DATA EXTRACT START
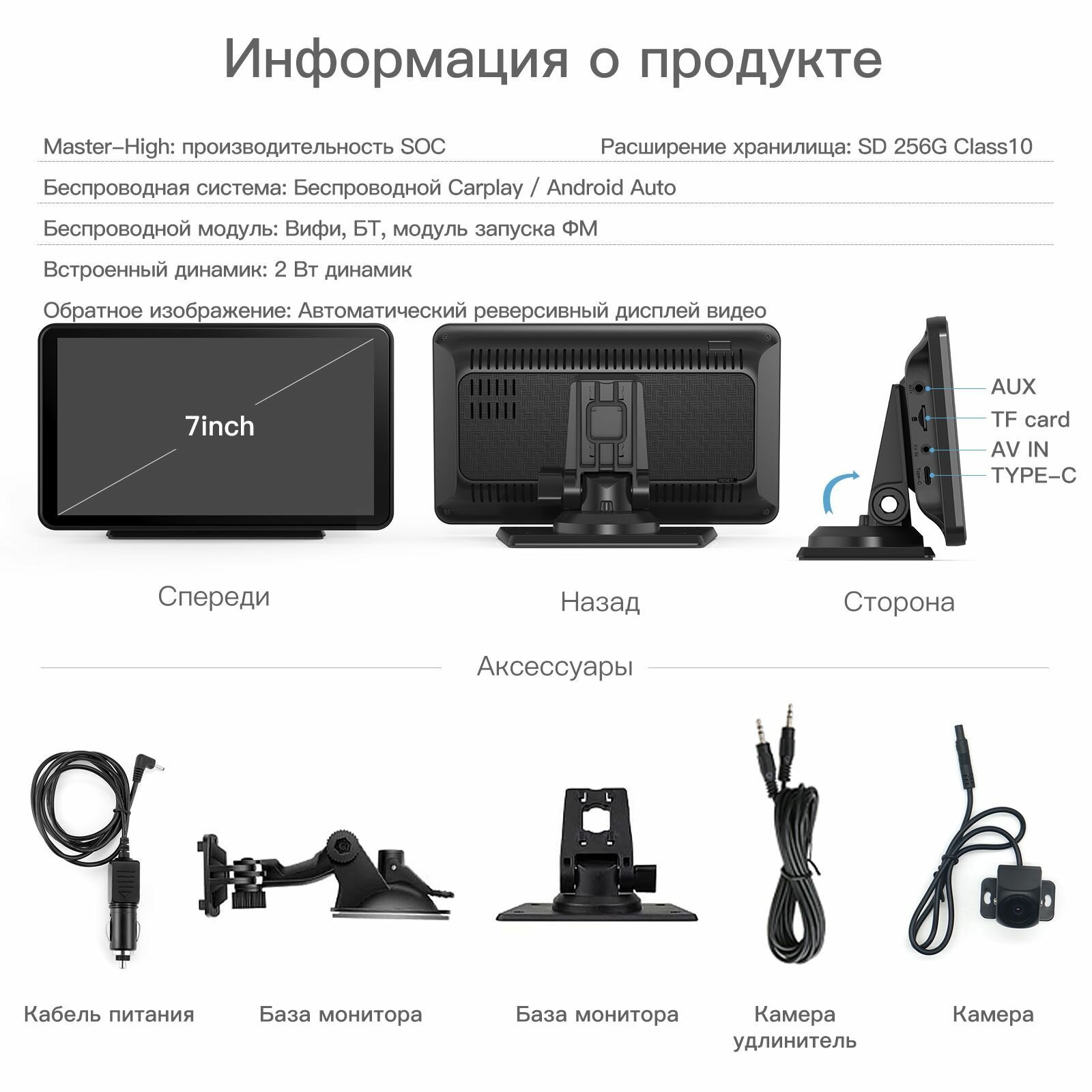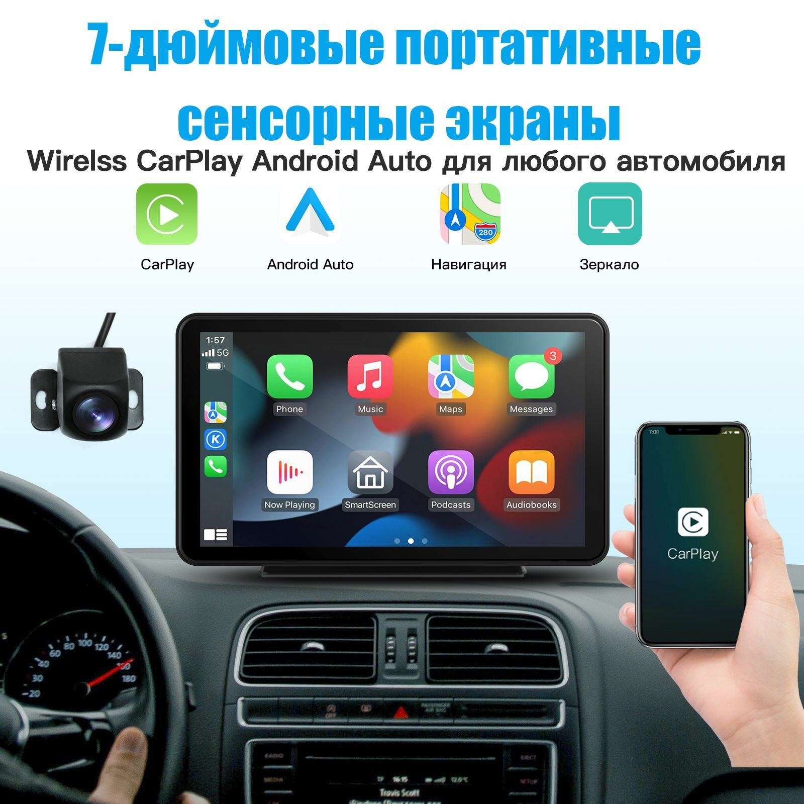 Купить 7-дюймовый экран Carplay с камерой заднего вида с доставкой по всей России. 7-дюймовый экран Carplay с камерой заднего вида: сравнение цен, характеристики, фото, актуальное наличие и цены.
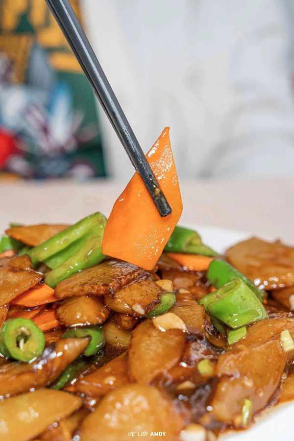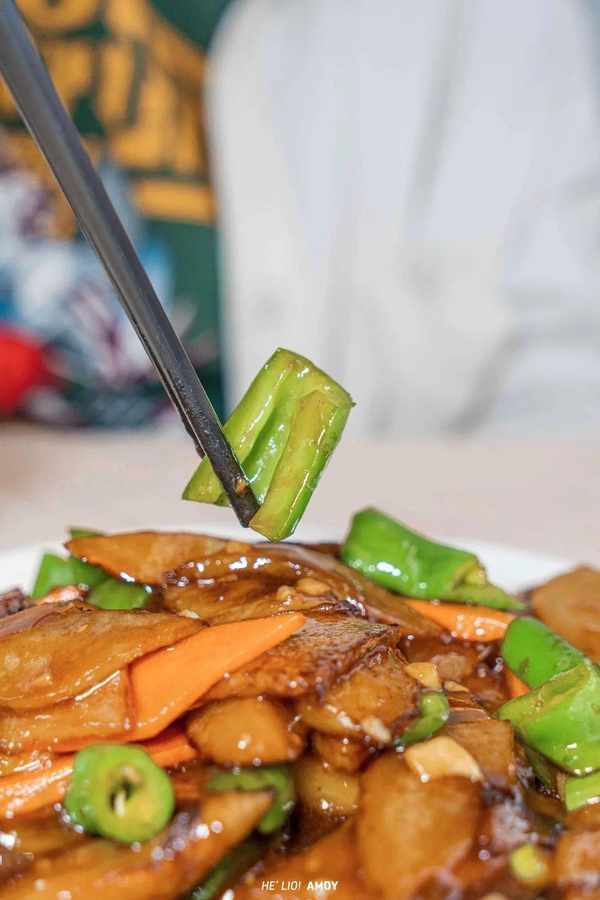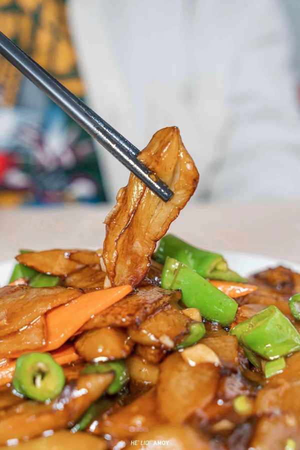 配角的表现也同样出彩,青椒与胡萝卜,作为爽脆的代表,在展现生脆实力的同时,也提升了菜品的色泽。没有特别的油腻质感,也没有令人发齁的咸味,下饭恰到好处!
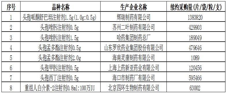 二、续约采购量:对8种药品实施全省范围内报量(具体续约药品及续约采购量信息见下表)。
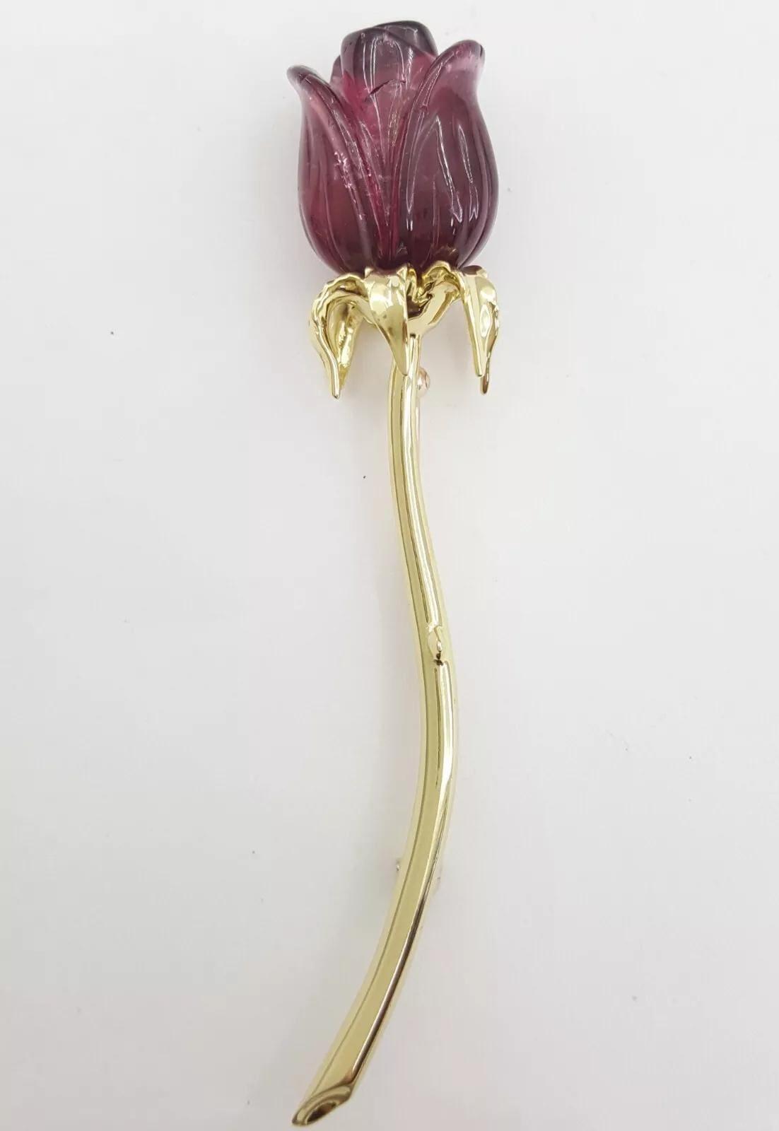 The brooch weighs 14.3 grams, 78.5 mm tall (3"), 14.8 mm wide, contains 1 Natural Carved Rose Amethyst
DATA EXTRACT END
TASK STATEMENT:
Would you set down the listing exactly, omitting pictures?

RESPONSE TO THE EXERCISE:
 Купить 7-дюймовый экран Carplay с камерой заднего вида с доставкой по всей России. 7-дюймовый экран Carplay с камерой заднего вида: сравнение цен, характеристики, фото, актуальное наличие и цены.
 配角的表现也同样出彩,青椒与胡萝卜,作为爽脆的代表,在展现生脆实力的同时,也提升了菜品的色泽。没有特别的油腻质感,也没有令人发齁的咸味,下饭恰到好处!
 二、续约采购量:对8种药品实施全省范围内报量(具体续约药品及续约采购量信息见下表)。
 The brooch weighs 14.3 grams, 78.5 mm tall (3"), 14.8 mm wide, contains 1 Natural Carved Rose Amethyst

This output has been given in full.